Check it out at the OP!*

----------


## Blurhy

*As we prepare for v2.0 (which we've already started!), we're trying to gather some information regarding the name of the class.*

Just 3 questions (for anyone to answer):
Do you think Vanguard is a good name, in terms of being interesting and distinct?Does the name tend to communicate or represent what the class is really about?If you were to name the class, what would be some name ideas?
In full candor, we have a name option already that we might use if it becomes clear that Vanguard is perhaps not the best name for this class. But, who knows? You may suggest an even better name.

----------


## DeTess

Regarding your questions:

1: Yes, vanguard is a pretty evocative and distinct name.
2: No, not really. For a Vanguard I'm thinking some kin do fast and mobile frontline melee mundane fighter, the first in the fight kind of deal. This class doesn't really want to be frontline because of the smallish hit-dice, but more like second rank short/mid-range kinda deal, and is quite magical
3: That's the difficult bit, I can't immediately think of something better that's also evocative. Something like 'Bladewalker' or 'Bladecaster' come to mind, or maybe 'Armiger' to reference the large armory you have access to.


Now, some general feedback. I recently shared this class with my DM both as something I thought was really cool and something I might eventually want to multiclass into with my current character, but there isn't really any mention of multiclassing for the character. Presumably it will require a charisma and dexterity of 13, and will give martial weapon proficiency if you didn't already have that, but it's not clear what other proficiencies you might gain (such as armor or an additional skill).

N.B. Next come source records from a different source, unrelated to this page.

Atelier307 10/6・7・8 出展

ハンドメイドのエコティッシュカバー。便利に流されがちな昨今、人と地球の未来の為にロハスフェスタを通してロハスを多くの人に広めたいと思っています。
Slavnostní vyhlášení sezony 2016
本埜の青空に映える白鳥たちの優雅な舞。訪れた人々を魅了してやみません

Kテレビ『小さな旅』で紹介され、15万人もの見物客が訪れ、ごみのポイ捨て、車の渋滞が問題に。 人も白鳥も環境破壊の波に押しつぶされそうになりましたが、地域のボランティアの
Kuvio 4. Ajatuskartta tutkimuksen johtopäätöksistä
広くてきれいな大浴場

The other comment I have at this point is regarding the big 14-link capstone abilities. though I think they're really evocative and cool, their 1/long rest big splash nature will be a bit difficult to play around as both a player and a DM. As a DM they could potentially face an 'I-win' button for one encounter per day (granted, in that regards not unlike 9th level spells), which is difficult to balance around, while for players its always difficult to judge when to use a big ability like that, because maybe something even scarier is right around the next corner. They also consume a lot of Links, which you'd need to keep reserved, foregoing using other abilities. What I'd recommend here is some mix of toning them down but reducing the cost and/or making them them x/long rest abilities instead of using Links.

Overall I think this class looks really cool and evocative, and I hope I'll get the chance to play it someday.

----------


## Blurhy

Thanks for the excellent feedback! Hope you enjoy your time playing the class!

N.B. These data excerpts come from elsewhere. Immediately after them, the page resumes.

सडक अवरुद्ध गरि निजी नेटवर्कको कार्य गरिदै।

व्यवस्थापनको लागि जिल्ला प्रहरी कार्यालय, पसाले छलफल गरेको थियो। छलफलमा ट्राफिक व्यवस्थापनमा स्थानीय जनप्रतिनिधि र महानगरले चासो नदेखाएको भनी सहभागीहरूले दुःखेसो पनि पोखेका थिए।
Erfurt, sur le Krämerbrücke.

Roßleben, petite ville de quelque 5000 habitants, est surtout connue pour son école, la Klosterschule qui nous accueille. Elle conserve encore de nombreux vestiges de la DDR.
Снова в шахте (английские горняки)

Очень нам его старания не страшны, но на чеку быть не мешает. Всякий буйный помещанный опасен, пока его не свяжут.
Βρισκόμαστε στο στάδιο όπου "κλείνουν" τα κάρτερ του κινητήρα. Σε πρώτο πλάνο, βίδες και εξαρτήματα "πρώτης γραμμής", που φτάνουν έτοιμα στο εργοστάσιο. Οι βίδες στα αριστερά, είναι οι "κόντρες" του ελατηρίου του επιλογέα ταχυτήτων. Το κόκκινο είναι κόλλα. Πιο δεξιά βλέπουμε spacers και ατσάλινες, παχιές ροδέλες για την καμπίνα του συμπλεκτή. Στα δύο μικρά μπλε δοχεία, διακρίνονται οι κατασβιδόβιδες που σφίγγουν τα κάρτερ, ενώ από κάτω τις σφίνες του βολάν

Regarding your feedback, we love the name Armiger, especially since the word by definition can also connotate heraldry/relational connections which works incredibly well with the whole bond idea. This is high on the list of what we might end up renaming the class to and, if we do, know that you are the one to thank for that!

In regards to multiclassing, we actually had already noticed that we forgot to specify that, so v2.0 already has that information. But, for the sake of convenience and as thanks to you, here's what the multiclassing information is:

*Multiclassing.* You must have a Charisma score of 13 or higher and a Dexterity score of 13 or higher in order to multiclass in or out of this class. When you multiclass into the Armiger, you gain proficiency in light armor, medium armor, shields, simple weapons, and martial weapons.
*Alternative Multiclassing.* You must have a Charisma score of 15 or higher in order to multiclass in or out of this class. When you multiclass into the Armiger, you gain proficiency in light armor, medium armor, shields, simple weapons, and martial weapons.
I personally am a fan of the alternative, though it breaks the pattern set by WotC, because it encourages/better allows for more unique builds such as a Barbarian/Vanguard or Str-based Fighter/Vanguard.

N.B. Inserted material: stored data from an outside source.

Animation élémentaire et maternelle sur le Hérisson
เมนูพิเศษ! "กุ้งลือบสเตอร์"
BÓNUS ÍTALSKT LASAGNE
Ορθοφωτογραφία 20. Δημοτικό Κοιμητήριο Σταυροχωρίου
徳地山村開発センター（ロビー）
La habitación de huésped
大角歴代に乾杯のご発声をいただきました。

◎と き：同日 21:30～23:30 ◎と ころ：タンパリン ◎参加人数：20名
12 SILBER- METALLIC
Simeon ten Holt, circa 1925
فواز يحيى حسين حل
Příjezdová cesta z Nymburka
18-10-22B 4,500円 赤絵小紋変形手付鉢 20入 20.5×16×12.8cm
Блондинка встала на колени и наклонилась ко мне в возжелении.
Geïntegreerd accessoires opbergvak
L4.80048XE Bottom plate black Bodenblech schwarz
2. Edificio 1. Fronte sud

Finally, in regards to the capstone ability, we actually did a whole rehaul of the way links work for link features that exceed the power of a 5th level spell, so you'll see our solution to that problem in v2.0 which should be out in the next day or so!

----------


## Blurhy

Happy to announce that v2.0 is up and live with a brand new name, 2 new subclasses, and a lot of feature overhaul!

*You can find v2.0 at the same Google Doc link!
https://docs.google.com/document/d/1...it?usp=sharing*

----------


## Blurhy

> or maybe 'Armiger' to reference the large armory you have access to.


Also, look what name we chose!  :Biggrin:  Thanks for the original suggestion!

----------


## DeTess

I'm happy my suggestion was of some use to you!

I haven't had the time to go over everything in too much detail yet, but there us something that stood out to me. If I understood it correctly most damaging links deal non-magical b/p/s damage, is that correct? If so, it might be worth taking a look at that, as resistance to some or all of that becomes fairly common at higher levels. Maybe have the class feature that makes your weapon attacks magical extend to links?

I like the ability to shield allies the vanguard gets. It reminds me if an awesome scene from Rythm of War where a character uses their magical armor to protect an entire platoon of soldiers by sharing the single suit around to deflect attacks as they happened.

The second part of the vanguard's 15th level feature probably needs some clarification. I assume the result of the roll is the amount of pairs of allies allowed to swap? Otherwise a result of a 1 is also a dud. 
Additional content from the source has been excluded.